In our experience, it is crucial that when the leaders of the hospital management team focus on efforts to promote admission on the same day as surgery, they should also promote early hospital discharge so that the patients admitted without a bed can be placed in the most appropriate bed as soon as possible after the surgery. In planned admissions, the discharge process should start at the point of admission as it is the mismatch between demand and capacity that creates the queues and bottlenecks in the system.
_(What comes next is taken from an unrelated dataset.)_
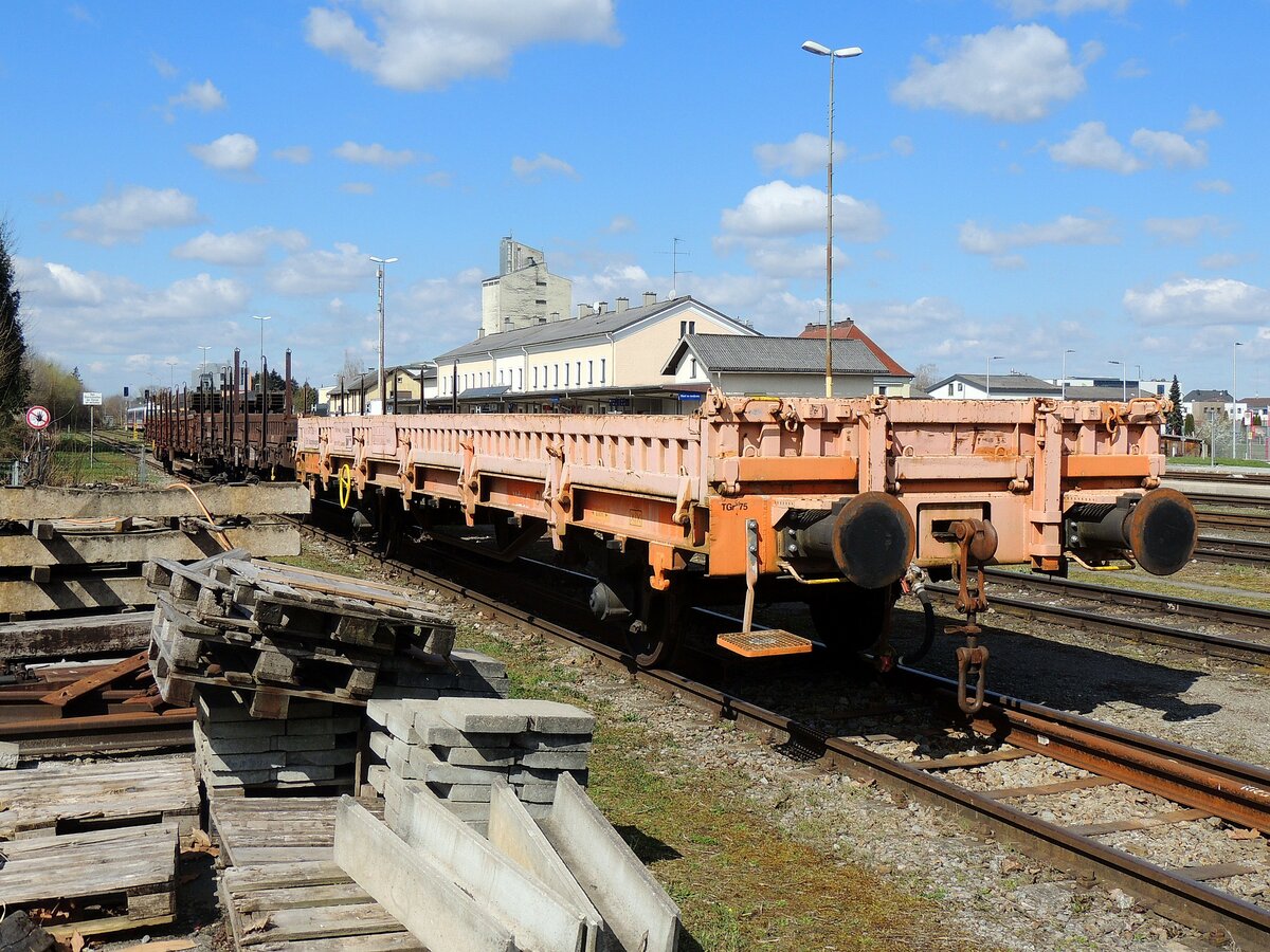 Materialwagen_40 81 9415 286-9(Heimatbf-Landeck), wartet am Bhf. Ried auf eine Verwendung; 210404
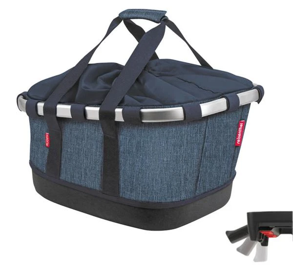 Leichter, längs orientierter Stoffkorb für Gepäckträger mit stabilem Thermoform Boden und flexiblen Tragegurten. Die klassische, nach vorne abfallende Korbform schafft Platz für den Sattel und Bewegungsfreiheit für den Radler. Ein Kordelzug schützt den Inhalt vor dem Herausspringen, ein Reißverschlussfach im Inneren bietet Platz für Schlüssel und Wertsachen. Die Versteifungselemente lassen sich herausnehmen, so dass der Korb flach und platzsparend verstaut werden kann. Belastbar bis max. 10 kg.

The most important limitation of this study was that we did not examine the cost-effectiveness of this intervention. However, the provision of beds, and all the supplies involved, accounts for much of the health systems' most expensive activity. According to this study we have shortened the length of stay of surgery patients and we can affirm that there were bed savings for the same health service provision. In addition, the rotation index per day of the chairs from the Surgery Admission Unit was at least three patients. All these results lead to the conclusion that this intervention could be cost effective.

Conclusion

The efficient and effective management of inpatient beds is essential for the benefit of both patients and the hospital. This means that patients are admitted promptly to an appropriate bed and stay for no longer than is necessary. With the results that were reached with the surgery admission unit we have assessed a significant improvement in bed utilisation efficiency. Due to the shorter length of stay that was achieved we can say that our results could be associated with a decrease in overall costs to the hospital.